Click below for a video including examples of representative good and poor performance, taken from videos of infants participating in online research (all families featured consented to sharing their video data publicly):

iCatcher representative good and poor performance

Installation

Quick installation (Windows, Linux, Mac)

This option will install the most up-to-date version of the iCatcher+ annotation tool and web app with minimum effort. However, it will not provide the code to reproduce the original paper results or train your own model. For instructions on how to reproduce, see here.

We strongly recommend using a virtual environment such as Miniconda or virtualenv before running the command below.

pip install icatcher

You will also need ffmpeg installed in your system and available (if you used conda, you can quickly install it with conda install -c conda-forge ffmpeg).

Note1: If you require speedy performance, prior to installing icatcher you should install PyTorch with GPU support (see here for instructions). This assumes you have a supported GPU on your machine.

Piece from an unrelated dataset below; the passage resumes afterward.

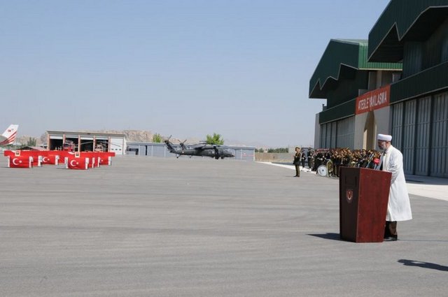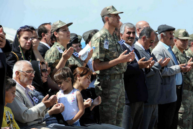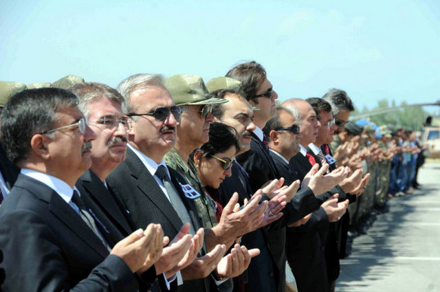 Daha sonra Van İl Müftüsü Nimetullah Arvas dua okudu. Törene katılan şehit yakınları, duygulu anlar yaşadı. Zaman zaman gözyaşlarını tutamayan ve fenalaşan şehit yakınlarına, tören alanında hazır bekletilen sağlık ekipleri müdahalede bulundu. Duaların okunmasının ardından şehitlerin Türk Bayrağı'na sarılı naaşları, askerlerin omzunda uçaklara taşındı ve memleketlerine uğurlandı.

Note2: When using iCatcher+ for the first time, neural network model files will automatically be downloaded to a local cache folder. To control where they are downloaded to set the "ICATCHER_DATA_DIR" environment variable.

Reproduction of original research results / retraining on your own dataset {#reproduce}

see reproduce for a full set of instructions.

Developer Install

If installed via git clone, extra steps need to be taken to set up the web app. See src/icatcher/icatcher_app for full instructions.

Running iCatcher+

You can run iCatcher+ with the command:

icatcher --help

which will list all available options. The description below will help you get more familiar with some common command line arguments.

Annotating a Video

To produce annotations for a video file (if a folder is provided, all videos will be used for prediction):

icatcher /path/to/my/video.mp4

NOTE: For any videos you wish to visualize with the web app, you must use the --ui_packaging_path flag:

icatcher /path/to/my/video.mp4 --ui_packaging_path /path/to/desired/output/directory/

Using the iCatcher Web App

To launch the iCatcher+ web app, use:

icatcher --app

The app should open automatically at http://localhost:5001. For more details, see Web App.

Common Annotation Flags

A common option is to add:

icatcher /path/to/my/video.mp4 --use_fc_model

Which enables a child face detector for more robust results (however, sometimes this can result in too much loss of data).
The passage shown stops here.